Globe editors have posted this research report with permission of Mawer Investment Management Ltd. This should not be construed as an endorsement of the report's recommendations. For more on The Globe's disclaimers please read here. The following is excerpted from the report:
Myopia, or nearsightedness, is a refractive error of the eye that causes distant objects to appear blurry, while close objects remain clear. A similar phenomenon can happen in investing: sometimes we fail to see certain risks and opportunities because they seem far away, either in time or geography. Lately, the investing myopia on my mind has been around China.

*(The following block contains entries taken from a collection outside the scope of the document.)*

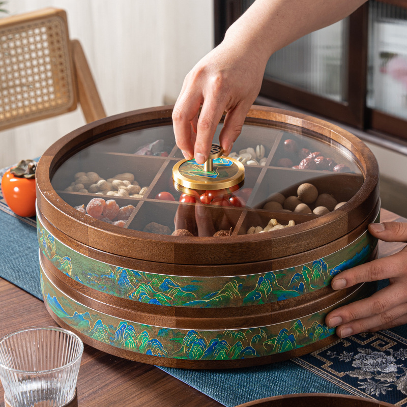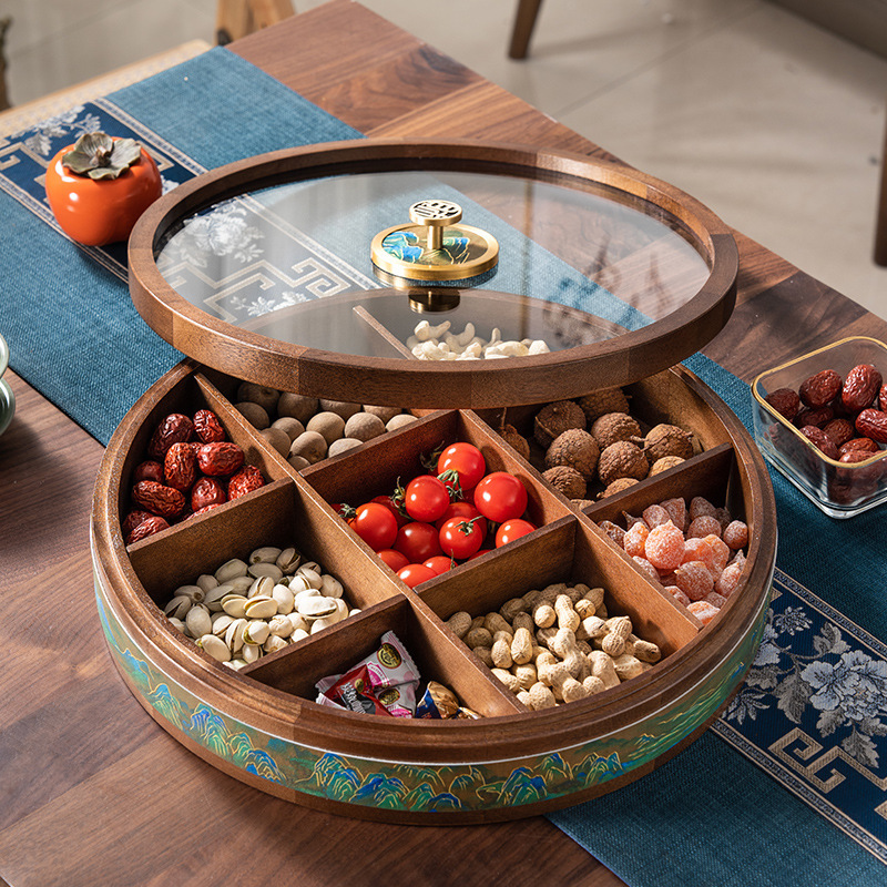 거실과 차방을 위한 새로운 중국식 단단한 나무 건조 과일 접시, 고급스럽고 절묘하며 고급스러운 멜론 씨앗, 건조 과일 및 견과류 보관 상자스토어 가기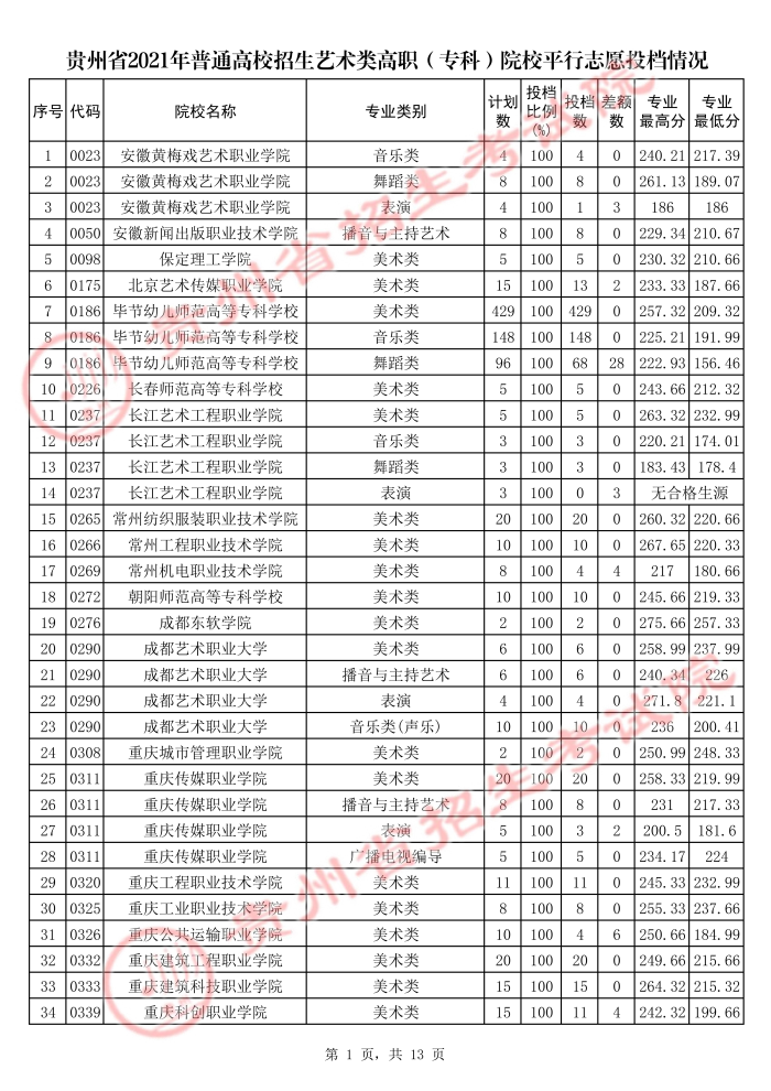 2021年8月4日普通高校招生艺术类高职(专科)院校平行志愿投档情况.pdf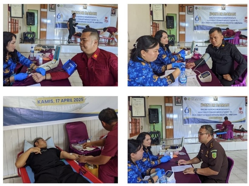 Dalam rangka memperingati Hari Bakti Pemasyarakatan (HBP) ke-61 Tahun 2025, Kepala Rumah Tahanan Negara (Ka. Rutan) Kelas IIB Tarutung, Evan Yudha Putra Sembiring bersama Kasubsi Pelayanan Tahanan, Jonias B. Pakpahan, Kasubsi Pengelolaan, Mian H.R. Simarmata, Kepala Kesatuan Pengamanan Rutan, James Bond Naibaho serta seluruh jajaran pegawai mengikuti donor darah yang digelar di aula serba guna Rutan Tarutung, Kamis (17/04). Kegiatan donor darah juga diikuti personil Polres Tapanuli Utara, personil Kodim 0201/TU dan Kejaksaan Negeri Tapanuli Utara.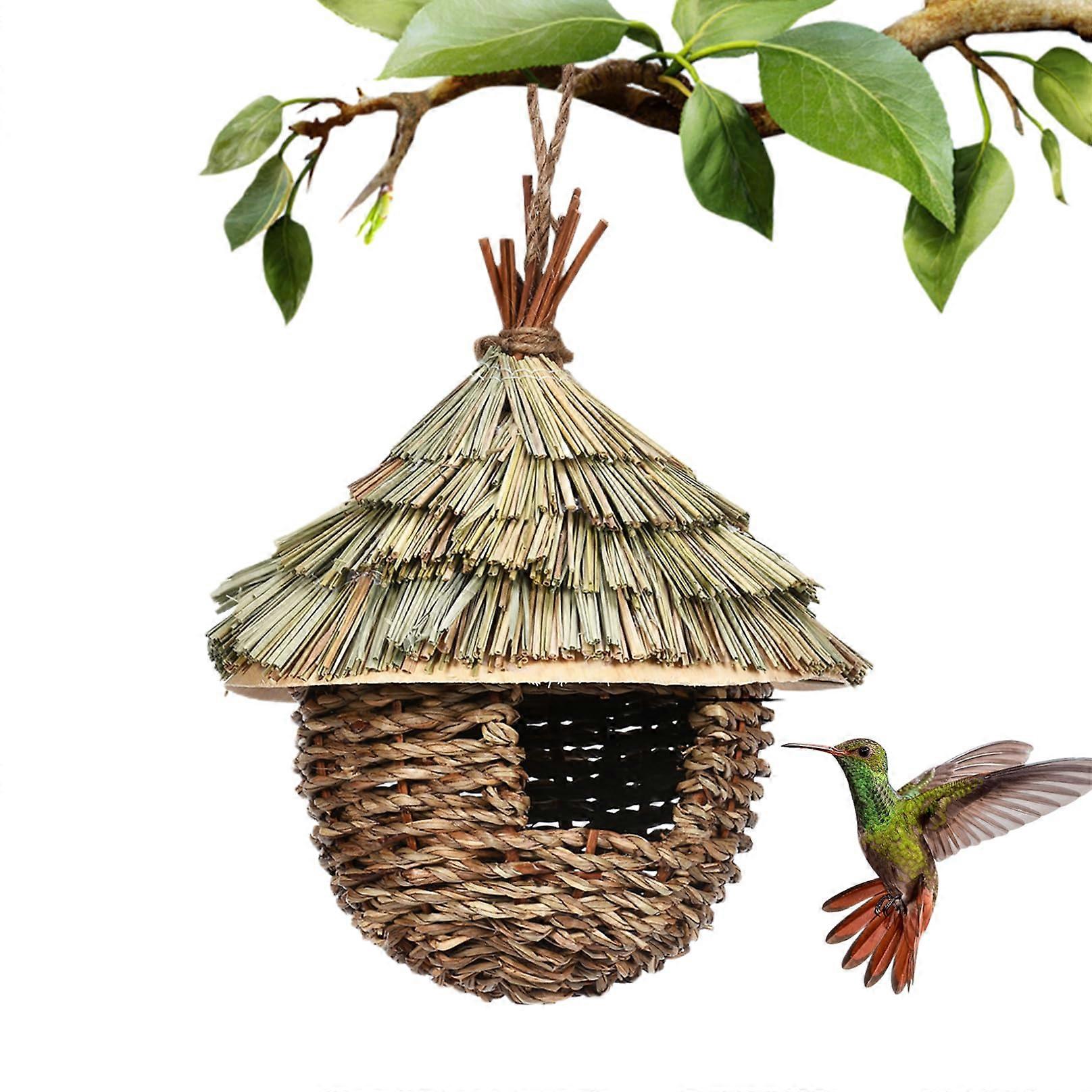 Hummingbird Nest House 6.7x8.7 Inch Woven Straw Hanging Bird Shelter for Outdoor Garden Decor

This musing began a few weeks ago when our team was discussing the questions that have been top of mind for clients. Unsurprisingly, NAFTA, market corrections, and bitcoin topped the list. China did not. This did surprise me, as there is a great deal happening in China beyond trade disputes with Trump and diplomatic efforts around North Korea. The world's second-largest economy is undergoing huge economic, financial, and technological transformations. And dare I say, these trends are as or more important to Canadian investors than, say, bitcoin.
Why pay attention to China? Well, first, the country is a hotbed of disruptive companies that are quickly becoming technology leaders — arguably, the most technological progress outside of Silicon Valley is now happening in China. Second, there are many attractive investment opportunities in China, far more than our team has found historically. Third, the country is going through a major economic transition which may or may not result in some sort of banking crisis, which, given China's role as the second-largest economy in the world, would almost certainly have an impact on global equity and bond markets. And finally, as Canadians, China's economic health has an outsized influence on our collective well-being through commodity prices.